E o colo, quando chega?

Não tem início bonitinho pra esse texto senão dizer que eu gerei uma trilogia sem querer, então quero dizer ‘bem vinda(o) de volta’ a vocês. O meu conselho é que vocês leiam os textos anteriores antes de continuar com esse aqui.

A trilogia é assim:

1 — Precisamos falar sobre cafuné

2 — Quanto mais eu sofro, mais bonita eu fico

________

Falar ou escrever com medo é péssimo. Não necessariamente a minha posição de Youtuber me deixa tranquila para falar sobre assuntos íntimos, principalmente os que estão acontecendo em tempo real. Esse texto, assim como os vídeos do meu canal, foi tecido com muitas referências que me ajudaram a expressar e entender coisas que estavam além do meu alcance. Por exemplo, Giovana Xavier e o próprio Will Smith têm feito com que eu pense sobre como medo e coragem podem ser palavras afins.

P.S. Ainda sobre medo: empaquei. Joguei fora. Apaguei. Recomecei. Esqueci de salvar. Perdi misteriosamente arquivos. Reli coisas. Comecei. Recomecei. Chorei. Sorri. Falei. Ouvi. Concordei. Discordei. E durante todo o tempo reservado para a escrita deste texto, senti medo. Cada vez que o releio ainda sinto. Que bom é poder estar suficientemente viva para ressignificar o que sentimos. — Giovana Xavier, “Que tal falar do que não sei?”

Solidão é um assunto desconfortável.
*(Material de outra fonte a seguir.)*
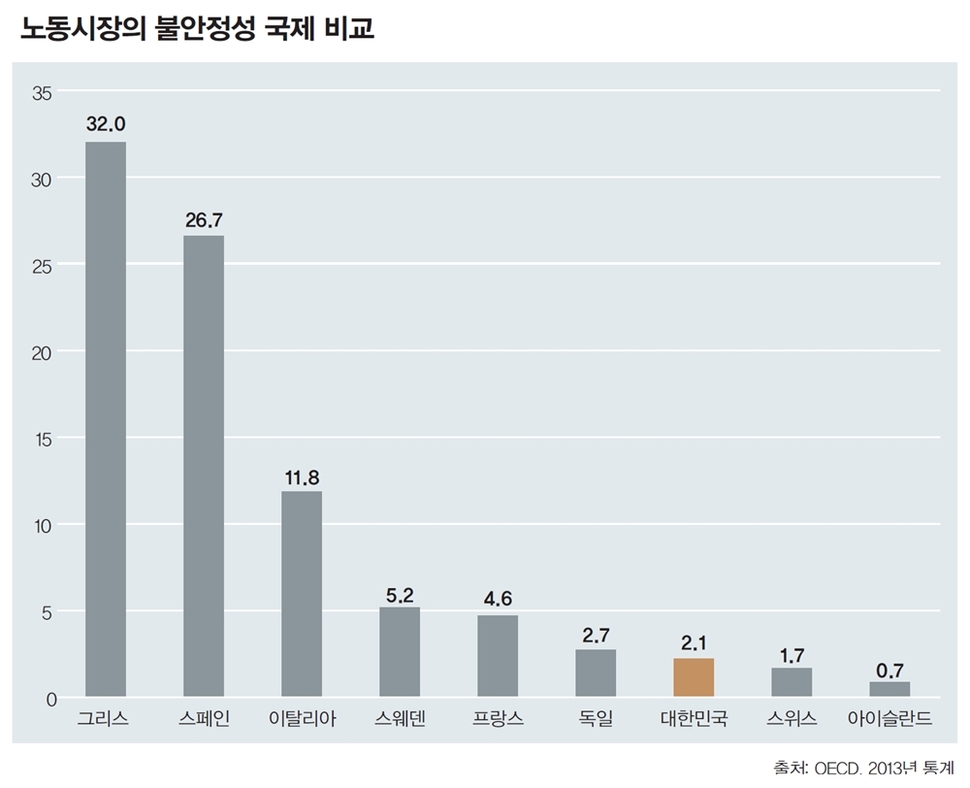 이런 사실을 우리나라 상황에 결부시켜보면 흥미로운 사실을 발견할 수 있다. 지난 1월 경제협력개발기구(OECD)가 발표한 ‘노동시장의 안정성 측정과 개인적 행복에 대한 의미의 평가’ 보고서에서는 “실업위험과 고용보장의 정도가 개인의 주관적 안녕감(행복)에 매우 중요한 영향을 미친다”고 결론지었다. 또 34개국 비교연구를 통해 각 국별 행복 편차가 발생하는 이유를 실업률 지표보다 ‘어떤 실업이냐’를 의미하는 실업의 성격에서 찾고 있다. 2013년 OECD 통계에 따르면, 실업자가 될 가능성과 예상 실업 기간을 종합 산출하는 ‘실업위험’은 한국이 34개국 중 가장 낮다. 일반적으로 고용불안이 일상화돼 있다고 평가받는 우리나라 실업위험이 이렇게 낮게 나온 이유가 뭘까? 실업 기간이 짧기 때문이다. 한국의 경우 실업자가 될 가능성은 OECD 회원국 중에서 중간 수준이지만, 평균 실업 기간은 2개월에도 미치지 못할 정도로 최하위다. 고용보험이 부실하기 때문에 실업 이후 당장 생계위협을 느껴 원하지 않는 일자리라도 빨리 찾아야 하기 때문이다. 이는, 우리나라의 낮은 실업위험이 세계 최하위 근속연수 및 높은 임시직 발생빈도와 연관돼 있음을 보여준다. 실업위험은 실업보험 수혜율과의 상호작용을 통해 노동시장 불안정성을 결정한다. 실업급여율과 소득대체율을 종합적으로 고려한 ‘실질실업보험률’을 계산하면, 한국은 OECD 34개국 중 실업보험 혜택이 15번째로 낮다. 이런 이유로 한국은 지표상으로는 노동시장 안정성이 34개국 중 5번째로 높은데도, 주관적 안녕감을 표현하는 행복지수는 26위에 머물러 있다. 한국도 다른 나라와 마찬가지로 노동시장 불안정성과 행복감 사이에 부(-)의 상관관계를 보이지만, 동일한 노동시장 안정성하에서 삶의 만족도가 다른 나라보다 현저하게 낮다. 우리나라 사람들이 느끼는 삶의 만족도는 노동시장 안정성이 한국과 비슷한 오스트리아·룩셈부르크에 비해 훨씬 낮다. 한국 실업자가 다른 나라의 실업자보다 불행감을 훨씬 더 느끼는 이유는 여러 요인이 작용하겠지만, 노동시장의 불안정성을 제어하기에는 역부족인 사회안전망 부실에서 원인을 찾을 수 있다. 인간의 주관적 안녕감을 표현하는 행복도, 개인 문제로 환원할 수 없는 사회적 맥락에서 바라볼 필요가 있다. 즉, 실업을 개인 문제로 돌리는 것이 아니라, 성과지향적 경쟁사회로 인해 노동시장에서 ‘탈락’되거나 ‘배제’되는 현상으로 보아야 할 것이다. 한국 사회에서 실업이 불가피한 것이라면 실업자를 포용할 수 있는 제도적 기반으로서 고용안전망 확대·강화가 요청되는 것이다. 이상호 한겨레경제사회연구원 연구위원 lshberlin0612@hani.co.kr ※카카오톡에서 <한겨레21>을 선물하세요 :) ▶ 바로가기 (모바일에서만 가능합니다)

As redes sociais, por exemplo, são territórios onde a gente esconde a todo custo as falhas das nossas vidas ou, como bem viralizou no vídeo da Jout Jout, “a parte que nos falta”. Desde 2013, pelo menos uma vez por semana eu leio em algum lugar a expressão “solidão da mulher negra”. Imaginem só, cada ano tem 52 semanas, então, ‘pegando leve’, eu já tive que lidar com essa questão pelo menos 260 vezes.

Não, eu estou mentindo!

A Nathália de 16 anos de idade viu um quebra-cabeça se completar quando leu sobre ‘solidão da mulher negra’ pela primeira vez. Ela viu, assustadoramente, sua história afetiva, a das mulheres de sua família, das colegas de escola e até mesmo desconhecidas do metrô fazerem sentido.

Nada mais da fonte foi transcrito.